Reasons for Cynicism: Why Anna Hazare is Not Gandhi

Hazare has limitations that Gandhi did not have, and that’s putting it mildly. Unlike Gandhi, Hazare is not a deep thinker. Nor is he an educated man. More worrying, he seems to lack the Mahatma’s sense of compassion, good judgment, and ability to lead (and negotiate) without the assistance of a throng of advisers, some of who seem as far removed from Gandhian philosophy as one could possibly be. Hazare also doesn’t seem to mind where he gets his money from. The Ford Foundation, known for tying development assistance programs (foreign aid) to American strategic interests and trade policy goals, is said to have contributed some $400,000 to Hazare’s campaign through one of his aides, Manish Sisodia.

Hazare’s detractors say that he has a soldier’s view of corruption, not that of the spiritual leader he claims to be. He is notorious for advocating the death penalty in the worst cases of corruption, public flogging for ‘un-Godly’ vices such as alcoholism, and even forced vasectomies to curb population growth. He has openly praised Narendra Modi, the current Chief Minister of Gujarat, who is reviled in progressive circles for his neoliberal views on economic policy, hawkish approach to national security, and controversial role in the Gujarat riots of 2002 (he is said to have abetted the killing of Muslims).
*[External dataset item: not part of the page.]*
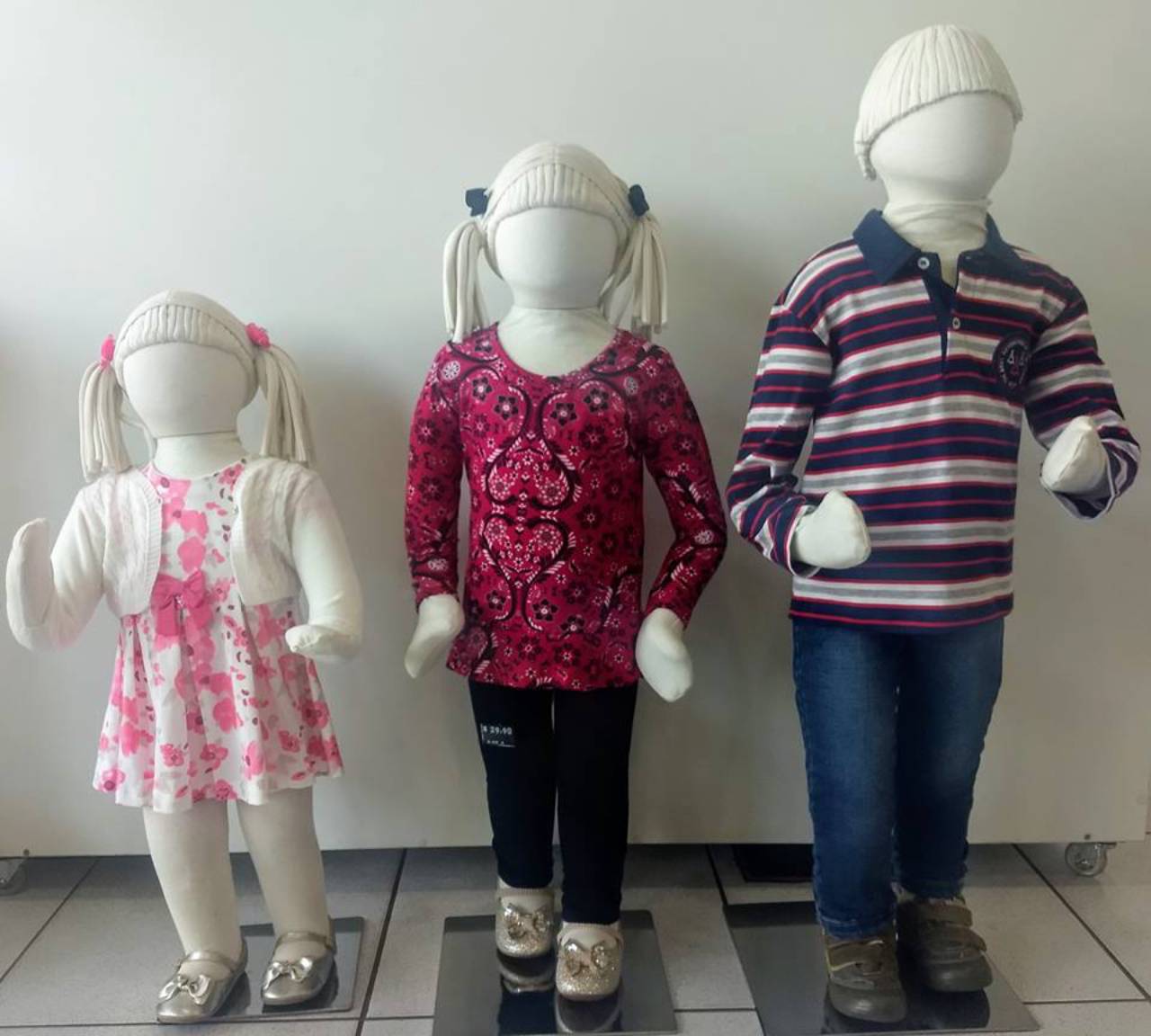 Vestido com body Noruega e bolero de tricô Milon, conjunto de menina Puc e conjunto de menino Topázio.

As the events at Ramlila unfolded, Hazare’s advisers, or “Team Anna,” managed to keep his tyrannical proclivities in check, though not always his tendency to say outlandish things (at one meeting Hazare proclaimed that if his kidneys failed during the fast, someone in the crowd should give him theirs). Team Anna shrewdly played to his strengths, arguing that he better represents the “common man” than refined dynastic leaders such as Rahul Gandhi, of the ruling Congress party. Yet these efforts worked only to a limited extent. Towards the end of Hazare’s fast, it was quite evident that the self-styled Gandhian was no more palatable to the left-liberal intelligentsia and civil society groups.
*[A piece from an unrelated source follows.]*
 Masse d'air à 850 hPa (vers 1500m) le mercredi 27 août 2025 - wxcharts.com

If Hazare’s persona is a problem, so is his understanding of “corruption.” One can gather, from his interviews and speeches, that Hazare sees corruption as an outcome of unchecked human greed. There is no further analysis. Gandhi too stressed the importance of personal ethics: “Be the change you want to see in the world,” is one of his best-remembered axioms. But Gandhi’s understanding of why humans err was more profound, his diagnosis more structural. For Gandhi, personal greed had a wider social context, and was also rooted in the unethical choices and practices of the state. Gandhi would surely condemn India’s bitter scourge of corruption, were he alive today. Unlike Hazare, however, he would demand a more systemic answer to a more preliminary question: How did this come to pass?

The character of corruption in India has not changed over time, though its magnitude certainly has. Conventional wisdom might suggest that the corruption that afflicts India today is a vestige of the widespread corruption of the state-centred economy, which preceded the liberalizing reforms of 1991. Yet many of the worst cases of corruption in recent years are borne out of deregulation, privatization and the fostering of public-private partnerships – the very processes that were meant to reduce the discretionary powers of public officials. An example is the notorious “2G spectrum scam,” in which cellphone licenses were sold for a fraction of their value, resulting in the loss of a staggering $39 billion to the national exchequer.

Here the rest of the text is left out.